What I really wanted to do was read the signal from the weather station directly. I'd planned for ages to look into how to do that, but I'm a complete newbie to software defined radio and wasn't sure where to start. Then one day I noticed an SDR discussion on the #raspberrypi IRC channel on Freenode where I often hang out. I jumped in, asked some questions, and got pointed in the right direction and referred to the friendly and helpful #rtlsdr Freenode channel.

An Inexpensive SDR Dongle

Update: Take everything that follows with a grain of salt. I got it working, everything was great -- then when I tried it the very next day after I wrote the article, none of it worked. At all. The SDR dongle no longer saw anything from the station, even though the station was clearly still sending to the console.

I never did get it working reliably, nor did I ever find out what the problem was, and in the end I gave up. Occasionally the dongle will see the weather station's output, but most of the time it doesn't. It might be a temperature sensitivity issue (though the dongle I bought is supposed to be temperature compensated). Or maybe it's gremlins. Whatever it is, be warned that although the information below might get you started, it probably won't get you a reliably working SDR solution. I wish I knew the answer.

[Raspberry Pi with SDR dongle] On the experts' advice, I ordered a RTL-SDR Blog R820T2 RTL2832U 1PPM TCXO SMA Software Defined Radio with 2x Telescopic Antennas on Amazon. This dongle apparently has better temperature compensation than cheaper alternatives, it came with a couple of different antenna options, and I was told it should work well with Linux using a program called rtl_433.

Indeed it did. The command to monitor the weather station is

rtl_433 -f 915M

rtl_433 already knows the protocol for the WS-2000, so I didn't even need to do any decoding or reverse engineering; it produces a running account of the periodic signals being broadcast from the station. rtl_433 also helpfully offers -F json and -F csv options, along with a few other formats. What a great program!

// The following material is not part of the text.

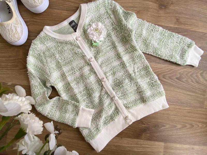 Красивая и практичная кофточка для девочки, дополнит образ и защитит в прохладную погоду.Модель в красивом оливковом цвете с манжетами и поясной резинкой в молочном цвете.Декорирована брошью цветком с жемчужинами и камушками.Брошка снимается. Размеры: 3р (98см): длина 42, пог 30,рукав 37см 4р(104см):длина 43, пог 31,рукав 38см 5р(110см):длина 45,пог 32,рукав 42см 6р(116см):длина 46, пог 32,рукав 45см 7р (122см):длина 47,пог 34,рукав 46см

JSON turned out to be the easiest for me to use; initially I thought CSV would be more compact, but rtl_433's CSV format includes fields for every possible quantity a weather station could ever broadcast. When you think about it, that makes sense: once you're outputting CSV you can't add a new field in mid-stream, so you'd better be ready for anything. JSON, on the other hand, lets you report just whatever the weather station reports, and it's easy to parse from nearly any programming language.

Testing the SDR Dongle

Full disclosure: at first, rtl_433 -f 915M wasn't showing me anything and I still don't know why. Maybe I had a loose connection on the antenna, or maybe I got unlucky and the weather station picked the exact wrong time to take a vacation. But while I was testing, I found another program that was very helpful in testing whether my SDR dongle was working: rtl_fm, which plays radio stations. The only trick is finding the right arguments, since the example from the man page just played static. Here's what worked for me:

rtl_fm -f 101.1M -M fm -g 20 -s 200k -A fast -r 32k -l 0 -E deemp | play -r 32k -t raw -e s -b 16 -c 1 -V1 -
That command plays the 101.1 FM radio station. (I had to do a web search to give me some frequencies of local radio stations; it's been a long time since I listened to normal radio.)

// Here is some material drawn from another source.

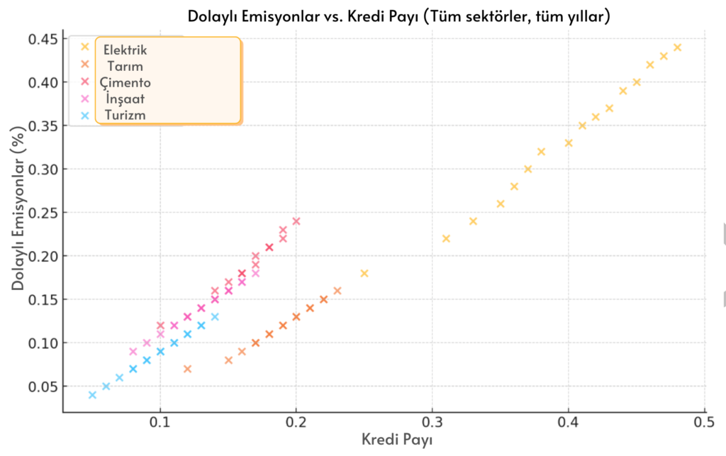 Bu grafikte, çeşitli sektörlerin dolaylı emisyonlarının (% olarak dikey eksende) kredi payı (% olarak yatay eksende) ile ilişkisi incelenmiştir. Görüldüğü üzere, sektörlerin dolaylı emisyonları ile kredi payı arasında genel olarak pozitif bir korelasyon bulunmaktadır. Yani, kredi payı arttıkça, dolaylı emisyon oranlarının da arttığı gözlemlenmektedir. Özellikle elektrik ve çimento gibi sektörlerde bu ilişki daha belirgin bir şekilde görülmektedir.

Once I knew the dongle was working, I needed to verify what frequency the weather station was using for its broadcasts. What I really wanted was something that would scan frequencies around 915M and tell me what it found. Everyone kept pointing me to a program called Gqrx. But it turns out Gqrx on Linux requires PulseAudio and absolutely refuses to work or install without it, even if you have no interest in playing audio. I didn't want to break my system's sound (I've never managed to get sound working reliably under PulseAudio), and although it's supposedly possible to build Gqrx without Pulse, it's a difficult build: I saw plenty of horror stories, and it requires Boost, always a sign that a build will be problematic. I fiddled with it a little but decided it wasn't a good time investment.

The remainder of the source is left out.